* [Data shown]

━━━━━━━━━━

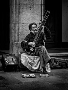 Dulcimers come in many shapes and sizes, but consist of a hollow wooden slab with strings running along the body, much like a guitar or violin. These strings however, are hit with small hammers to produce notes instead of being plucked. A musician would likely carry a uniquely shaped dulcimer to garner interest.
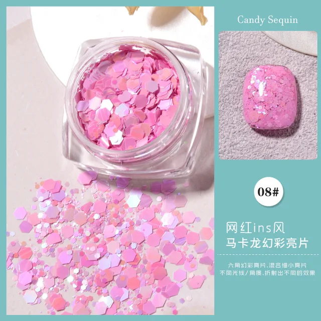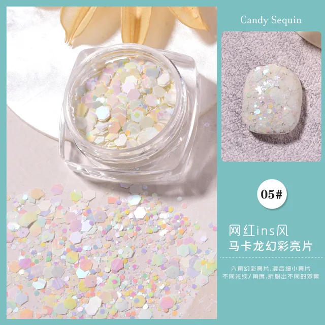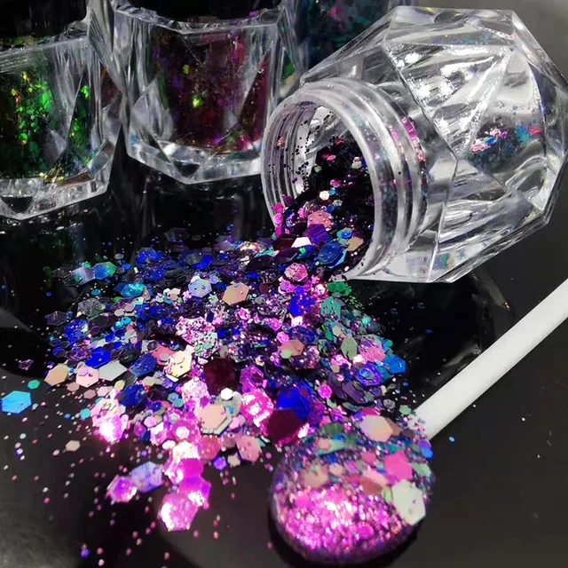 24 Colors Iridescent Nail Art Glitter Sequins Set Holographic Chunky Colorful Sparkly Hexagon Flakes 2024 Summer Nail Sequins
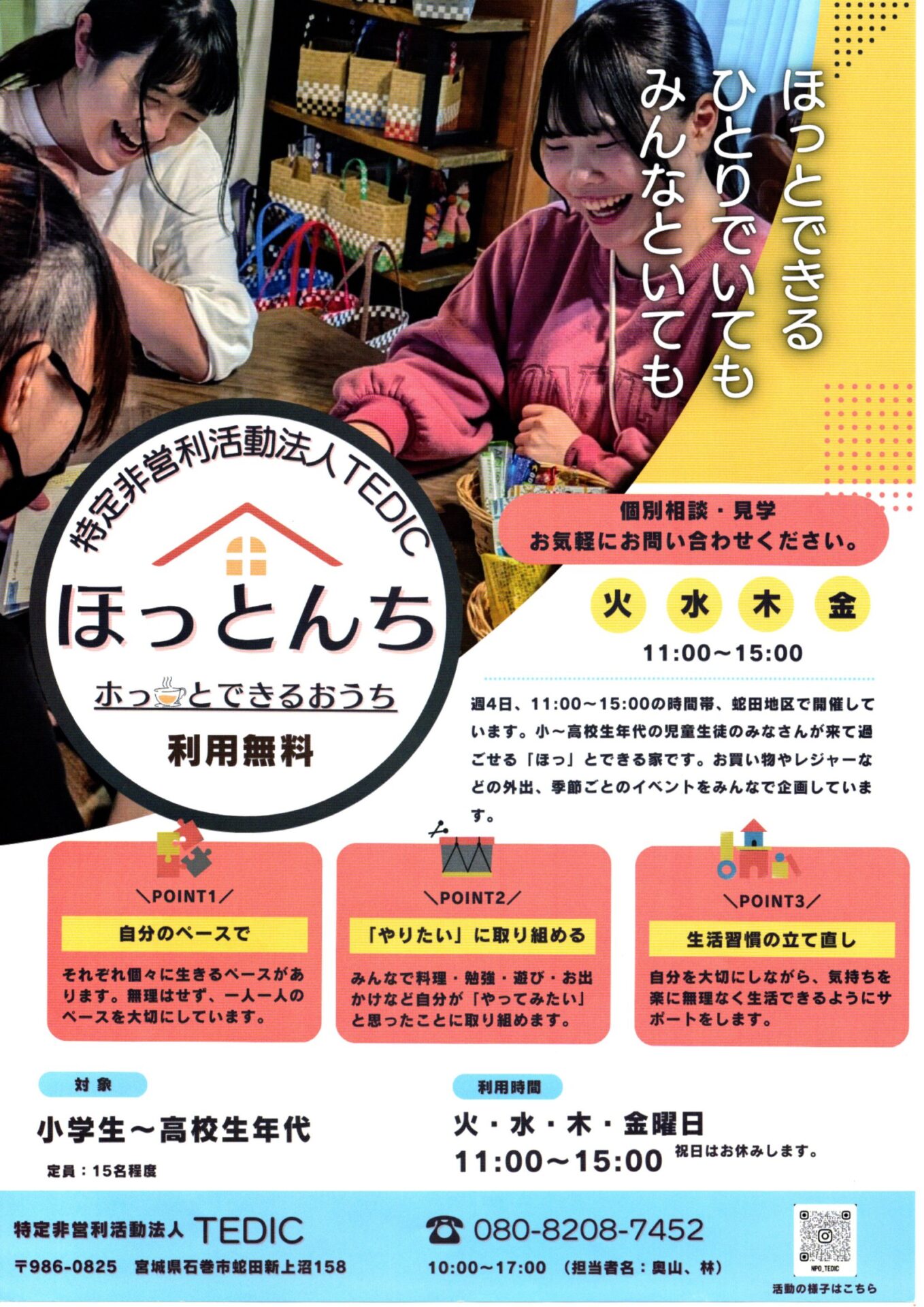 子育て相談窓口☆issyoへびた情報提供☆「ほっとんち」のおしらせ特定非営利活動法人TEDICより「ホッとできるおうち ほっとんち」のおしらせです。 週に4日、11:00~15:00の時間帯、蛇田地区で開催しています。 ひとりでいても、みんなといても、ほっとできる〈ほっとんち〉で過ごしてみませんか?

━━━━━━━━━━

* [Task to complete]
Apart from the images, print all the material above exactly as given.

* [Response to this exercise]
 Dulcimers come in many shapes and sizes, but consist of a hollow wooden slab with strings running along the body, much like a guitar or violin. These strings however, are hit with small hammers to produce notes instead of being plucked. A musician would likely carry a uniquely shaped dulcimer to garner interest.
 24 Colors Iridescent Nail Art Glitter Sequins Set Holographic Chunky Colorful Sparkly Hexagon Flakes 2024 Summer Nail Sequins
 子育て相談窓口☆issyoへびた情報提供☆「ほっとんち」のおしらせ特定非営利活動法人TEDICより「ホッとできるおうち ほっとんち」のおしらせです。 週に4日、11:00~15:00の時間帯、蛇田地区で開催しています。 ひとりでいても、みんなといても、ほっとできる〈ほっとんち〉で過ごしてみませんか?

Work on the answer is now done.